Hyponatraemic hypertensive syndrome (HHS) is associated with unilateral renal ischaemia1. It is characterised by resistant hypertension, elevated renin and aldosterone, pressure natriuresis with consequent hyponatraemia, hypokalaemia and volume depletion2.
A 48 year old woman presented with chronic hyponatraemia (Na 113-124 mmol/L [135-145]) and confusion. Background included hypertension (normotensive on olmesartan, lercanidipine, enalapril and moxonidine) and peripheral vascular disease. Serum sodium 131 mmol/L [135-145], osmolality 274 mOsm/kg [275-295], urine osmolality 212 mOsm/kg [300-900] and urinary sodium 53 mmol/L [N high ≤ 16]. Secondary causes of hyponatraemia were excluded (Cortisol 775 nmol/L [100-540], TSH 1.46 [0-12]). Olmesartan, enalapril and lercanidipine were withdrawn over 2 months.

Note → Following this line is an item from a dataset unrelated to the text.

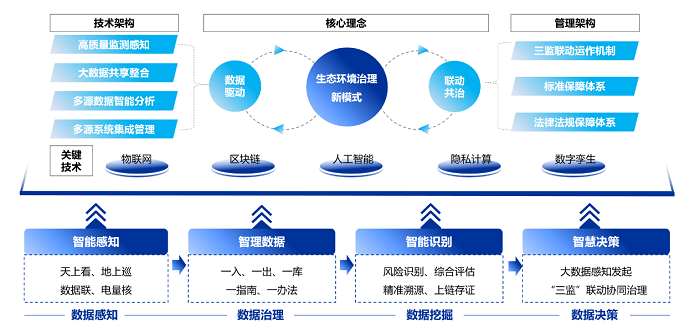 “結合以上多項技術(shù)協(xié)同互補,構建起多層級網(wǎng)絡(luò )協(xié)同感知,產(chǎn)生的多源數據實(shí)時(shí)匯入‘三監聯(lián)動(dòng)’平臺,從而實(shí)現對生態(tài)環(huán)境的全面、實(shí)時(shí)監控?!鄙蛐愣鸾榻B。
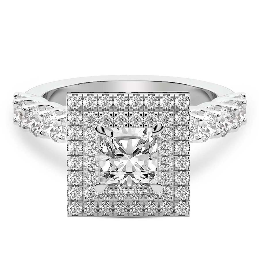 This Yvette Cresta Double Halo Diamond Ring is a Cushion shape ring Engagement type pt Platinum

The patient deteriorated, requiring hospitalisation with increased confusion, hypertension (160/90mmHg sitting, 120/80mmHg standing), hyponatraemia (Na 113, serum osmolality 241 mOsm/kg, urine osmolality 229 mOsm/kg, urine sodium 11 mmol/L), hypokalaemia (2.7 mmol/L [3.2-5]), and acute kidney injury (eGFR 33 ml/min/1.73m2).
Serum aldosterone was increased (3435 pmol/L [80-1040]). 24 hour urine protein was elevated 20.42 g/day with negative nephrotic screen. Renal ultrasound demonstrated a hypoplastic left kidney (7.59cm) with absent renal artery flow. On day 4 the patient transferred to the intensive care unit with hypertensive encephalopathy requiring sedation. Sodium normalised over 12 hours with 3% hypertonic saline. Blood pressure was controlled following reintroduction of ACE inhibition (ramipril 10mg). Renal vein sampling revealed elevated plasma renin (> 8000 Fm/L/s [100-1500]) with right and left renal vein renin 7433 Fm/L/s and > 8000 Fm/L/s respectively. DTPA scan identified virtually non-functioning left kidney. Blood pressure, electrolytes, proteinuria and renal function improved with ramipril. This is consistent with HHS, driven by unilateral renal ischaemia.
HHS is underreported 3,4. The cornerstone of therapy is nephrectomy or blockade of renin angiotensin aldosterone system. Clinicians need to be aware of the phenomena and vigilant to the dangers of ceasing ACE blockade in such individuals.